→ PROBLEM TO SOLVE: Give back each record precisely, pictures excluded.

(Extracted data entries)
----

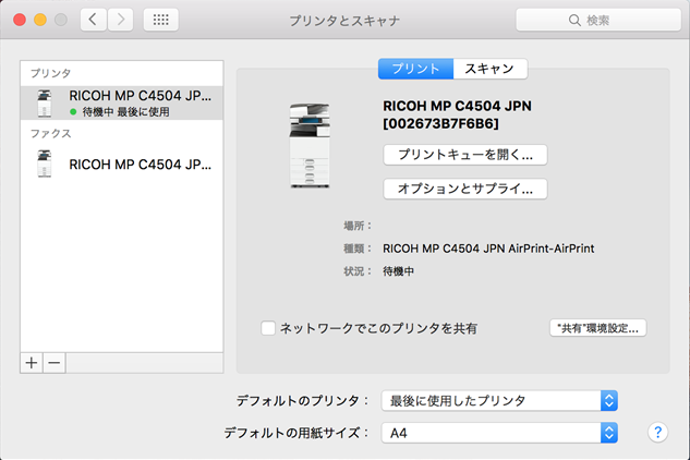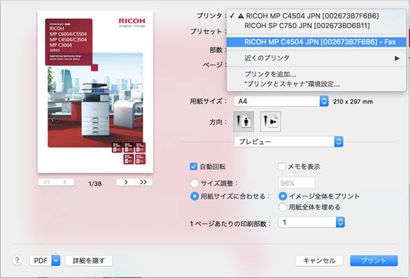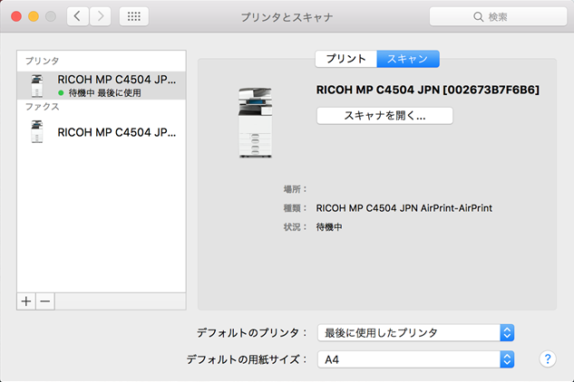 MacOS Xより、印刷、スキャン、ファクス送信を可能にするAirPrint(Print/Scan/FaxOutService)がご利用いただけます。
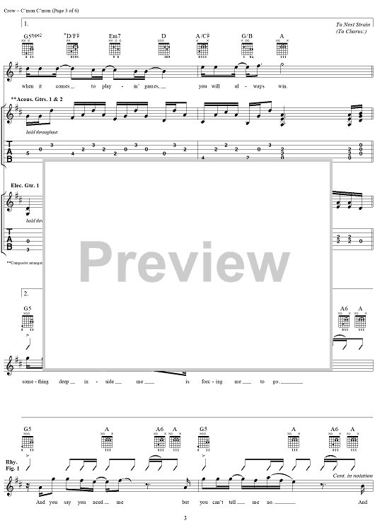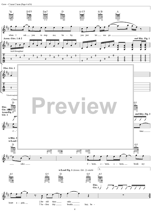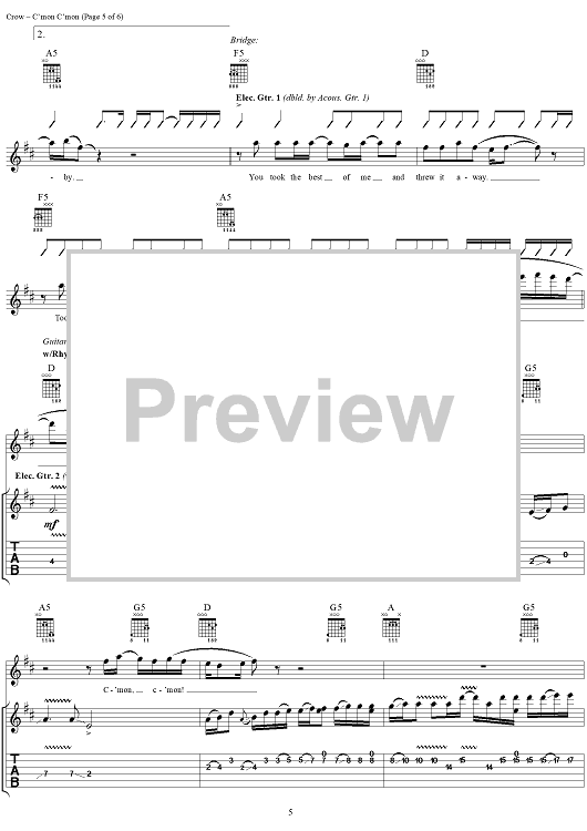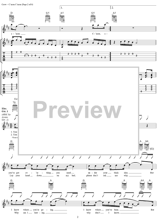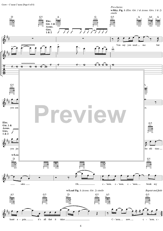 Digital Sheet Music for C'mon C'mon by Sheryl Crow scored for Guitar Tab/Vocal; id:292053
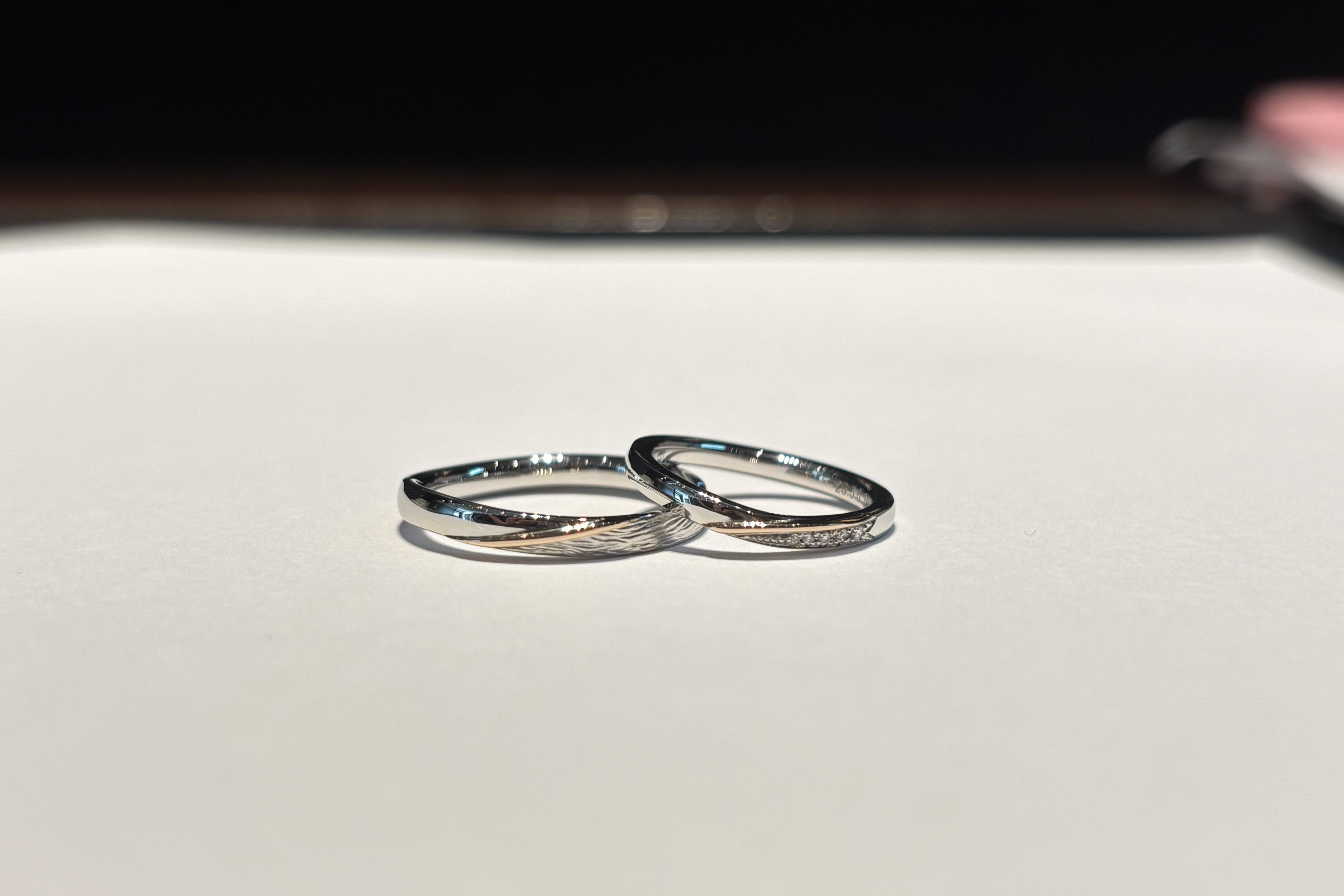旦那様のこだわりポイントは、個性が際立つ「木目模様加工」、奥様のこだわりポイントはダイヤモンドの留め終わりを「桜の花びら」のような形にしていただいた部分でございます!
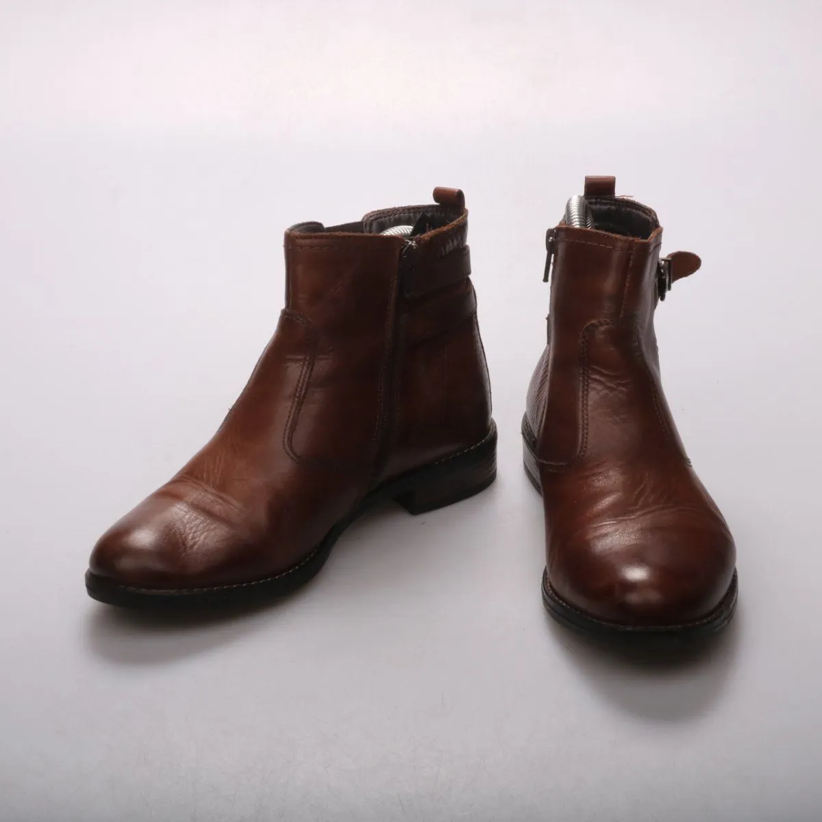 Женские ботильоны из коричневой кожи с боковой молнией и ремешком-пряжкой на щиколотке. Подойдут для повседневной носки в межсезонье и хорошо сочетаются с джинсами и платьями. Практичное преимущество — удобная посадка за счёт молнии и устойчивый невысокий каблук.
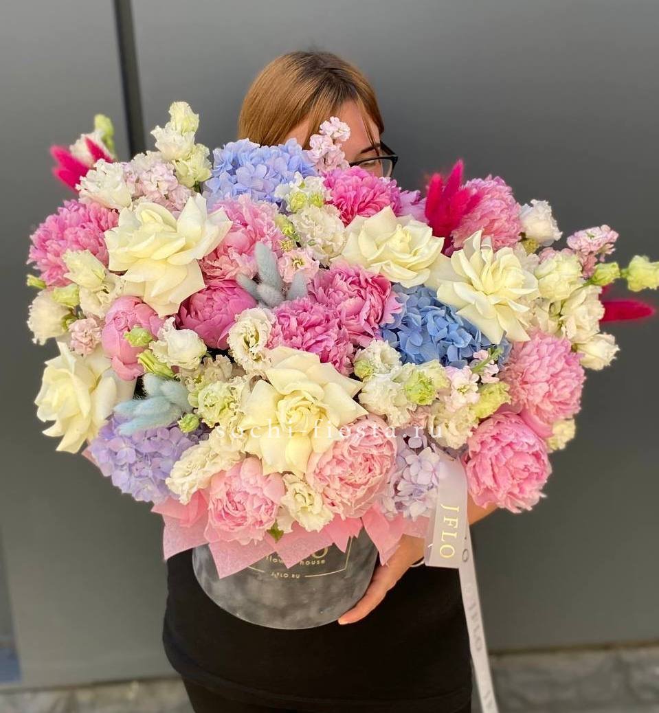 Пионы и гортензия занимают центральную часть, окружённые белыми розами и соцветиями эустомы. Маттиола вносит воздушность в плотно собранную форму.
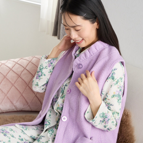 寒さが気になる背中から腰回りを覆ってくれ、えりを施しているため首元まであたたかなデザインで、さらに留めやすい大きめサイズのボタンを使用しているため、着脱もしやすいこだわりの仕様です。
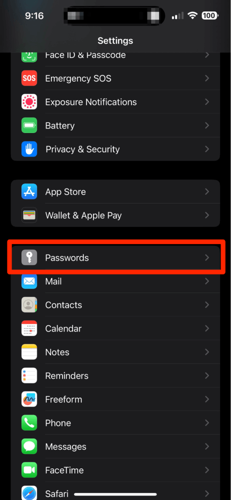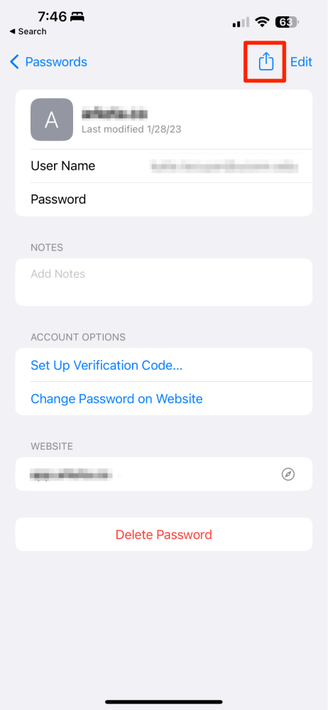 接下來,在您的 iPhone 上導航至設定,密碼,然後選擇您想要共享的密碼。單擊分享象徵。
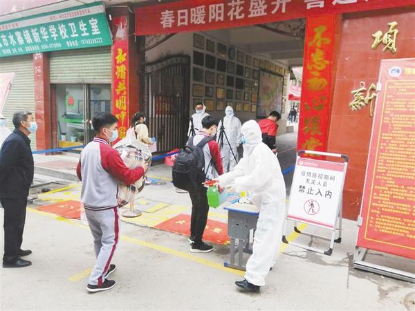 “復(fù)學(xué)后,周口四中實(shí)行小班教學(xué),每個(gè)班不超過35人,每個(gè)人前后左右間隔不低于1米,每個(gè)人進(jìn)入教室時(shí)需要測量體溫?!敝芸谒闹懈毙iL蘇飛告訴記者,班級(jí)一分為二,教師的工作量成倍增加,但是,學(xué)校在前期做了大量的教學(xué)準(zhǔn)備工作,合理安排初三年級(jí)的課程表,保證每個(gè)班、每節(jié)課都有老師進(jìn)行現(xiàn)場教學(xué)和現(xiàn)場輔導(dǎo)。

----

→ TASK RESULT:
 MacOS Xより、印刷、スキャン、ファクス送信を可能にするAirPrint(Print/Scan/FaxOutService)がご利用いただけます。
 Digital Sheet Music for C'mon C'mon by Sheryl Crow scored for Guitar Tab/Vocal; id:292053
旦那様のこだわりポイントは、個性が際立つ「木目模様加工」、奥様のこだわりポイントはダイヤモンドの留め終わりを「桜の花びら」のような形にしていただいた部分でございます!
 Женские ботильоны из коричневой кожи с боковой молнией и ремешком-пряжкой на щиколотке. Подойдут для повседневной носки в межсезонье и хорошо сочетаются с джинсами и платьями. Практичное преимущество — удобная посадка за счёт молнии и устойчивый невысокий каблук.
 Пионы и гортензия занимают центральную часть, окружённые белыми розами и соцветиями эустомы. Маттиола вносит воздушность в плотно собранную форму.
 寒さが気になる背中から腰回りを覆ってくれ、えりを施しているため首元まであたたかなデザインで、さらに留めやすい大きめサイズのボタンを使用しているため、着脱もしやすいこだわりの仕様です。
 接下來,在您的 iPhone 上導航至設定,密碼,然後選擇您想要共享的密碼。單擊分享象徵。
 “復(fù)學(xué)后,周口四中實(shí)行小班教學(xué),每個(gè)班不超過35人,每個(gè)人前后左右間隔不低于1米,每個(gè)人進(jìn)入教室時(shí)需要測量體溫?!敝芸谒闹懈毙iL蘇飛告訴記者,班級(jí)一分為二,教師的工作量成倍增加,但是,學(xué)校在前期做了大量的教學(xué)準(zhǔn)備工作,合理安排初三年級(jí)的課程表,保證每個(gè)班、每節(jié)課都有老師進(jìn)行現(xiàn)場教學(xué)和現(xiàn)場輔導(dǎo)。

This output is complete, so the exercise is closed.